The assistant secretary of the United States Department of the Interior on Thursday affirmed the Shinnecock Nation's sovereignty over the Westwoods land parcel, the site of a planned gas station and travel plaza on Sunrise Highway, the Nation announced Friday.
The decision came after several years of research into documents provided by both the Shinnecock Nation and Southampton Town, with the Nation saying in a press release that the decision “dispels any misconceptions” about the land.
“It basically means that our aboriginal or ancestral lands also include the Westwoods area, so it's treated the same as our reservation area in the village,” said Lisa Goree, chairwoman of the Shinnecock Nation.
The Nation had requested that the Department of the Interior look into the issue in 2021, shortly after litigation over its signs on Sunrise Highway was initiated. Over the summer, she added, the Nation had been given information that the decision would be forthcoming, but it was not given a specific date.

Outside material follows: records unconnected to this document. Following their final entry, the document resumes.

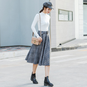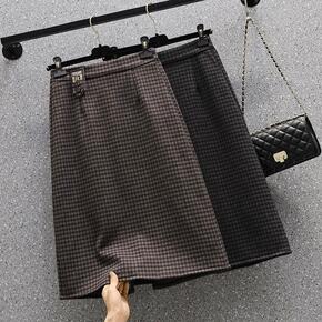 实拍秋冬大码格子加厚毛呢半身裙女胖MM中长款高腰a...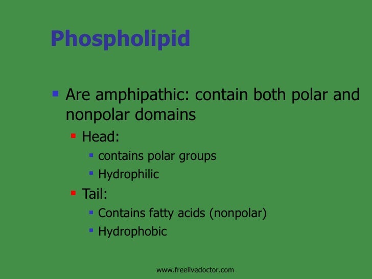 - 46. Phospholipid Are amphipathic: contain both polar and nonpolar domains Head: contains polar groups Hydrophilic Tail: Contains fatty acids (nonpolar) Hydrophobic www.freelivedoctor.com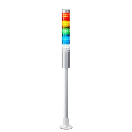Our next generation signal tower line featuring cutting-edge technology, modular segments for field configuration, and a wide-array of options to fit the most challenging applications.Re-designed lens and improved module construction delivering bright, even light for visibility from further distances. (2000mcd output) Re-engineered, completely enclosed sound module, maintaining substantial water and dust protection while producing loud, omni-directional sound. (LR5 DC12C: 80, LR4 & LR5: 85, LR6: 88, LR7: 90dB at 1m) A modular, “;Twist and Lock”;, system to easily customize and reconfigure LED and sound modules. (Field configurable) A sleek, smooth form factor and an enhanced body construction for performance in harsh environments. Available in DC24V and AC100-240V Available in Off-white and Silver bodies Four mounting options: Direct, pole with L-bracket, pole with circular bracket, and pole with folding bracket (Off-white only)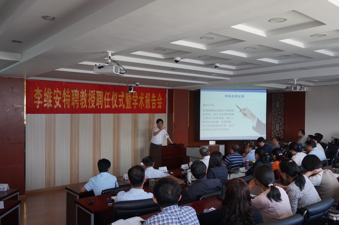聘任仪式结束后,李维安教授从公司治理的历史变迁入手做了一场主题为《网络治理与自组织》的学术报告会。报告的主题为网络治理与自组织,主要分为四个部分。第一部分是从公司治理到网络治理的研究脉络,讲述了两条路线,即利用网络进行治理和对网络组织进行治理。同时,对网络治理的四条特征进行了细致阐述。第二部分是移动互联网强化网络治理,讲述了移动互联网的变迁,移动互联网技术与治理的方式,包括企业间的联系方式、公司治理的发展以及组织创新模式。对企业网络治理的多种形式进行了研究,重点说明了移动互联网、大数据同网络治理的关系。第三部分是移动互联网时代的治理变革,讲述了网络三定律,同时加入了自己理解的网络治理定律,认为管理创新远远落后于网络技术变化,而公司的创新又滞后于管理创新。第四部分是“自组织”时代的真正到来,对其定义以及推动治理扁平化、破除信息垄断,推动治理现代化的作用进行了详细介绍。报告结束后,李维安教授与同学们就有关公司治理的问题进行了深入的探讨和交流。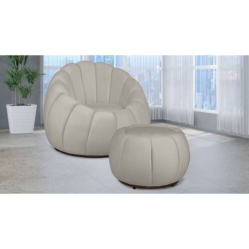 Kit Poltrona Decorativa C/ Puff Concha Veludo Marfim - Londrilar - Bege Claro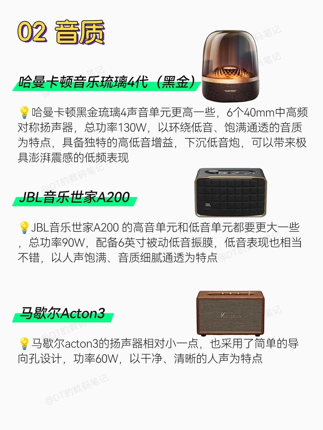 哈曼卡顿黑金琉璃4独立的高低音增益,下沉低音炮,可以适用各种类型的音乐;而JBL音乐世家A200 具有6英寸被动低音振膜,低音表现也相当不错;马歇尔Acton 3的低音表现则相对较弱。如果你对低音有较高的要求,那么哈曼卡顿黑金琉璃4可能更适合你[派对R]综合音质 JBL音乐世家A200会更好
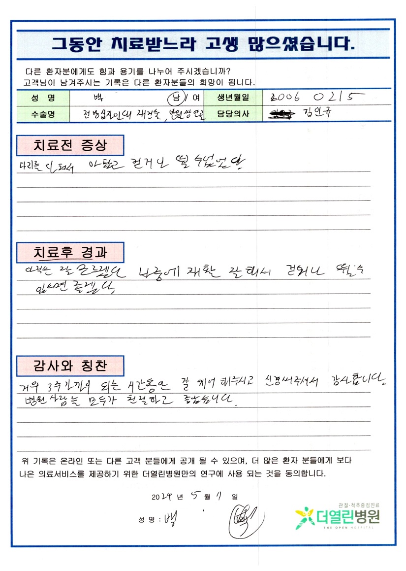 좌측 전방십자인대 재건술, 반월상연골봉합술 페이지 정보 작성자 관리자 댓글 0건 조회 106회 작성일 24-06-04 12:25 본문 목록 이전글좌측 견관절 회전근개 봉합술 및 견봉하 감압술 24.06.04 다음글좌측 반월상연골절제술 24.06.04 댓글목록 댓글목록 등록된 댓글이 없습니다.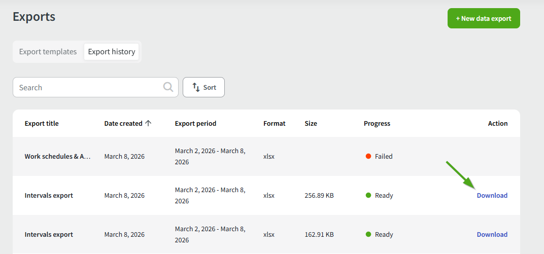 If the export contains a large amount of data, it might take some time to prepare. Once it is ready, click Download to save the file.

“The department examined the land title status of the Westwoods parcel and determined that it is within the Nation's aboriginal territory, that the Nation has resided within its aboriginal territory since time immemorial and has never removed therefrom, and that Westwoods is within the purview of the Nonintercourse Act and is therefore restricted against alienation absent consent of the United States,” Bryan Newland, the assistant secretary of the Department of the Interior, said. “This land is and has always been restricted fee land held by the Nation and is now recorded to reflect such status.”
As for the decision's importance, “It just reaffirms what we have already known for the last 300, 400 years,” Ms. Goree said.
The news from the Department of the Interior comes just weeks after the Southampton Town Board voted 3-to-2 to take legal action to stop the Shinnecocks from proceeding with their plans for the travel plaza. Separately, New York State's Appellate Division, Second Judicial Department, had on Dec. 4 ordered the Shinnecock Nation to cease using the two electronic billboards that flank Sunrise Highway not far from the Westwoods property. According to earlier reporting in The Star, the appellate panel said a preliminary injunction should have been granted by the State Supreme Court in 2020 because “the structures posed an unacceptable danger to public safety” and are an “ongoing public nuisance.”
The Nation has continued to operate the billboards, which the tribe calls monuments, and on Thursday began posting the news of the Department of the Interior announcement on them.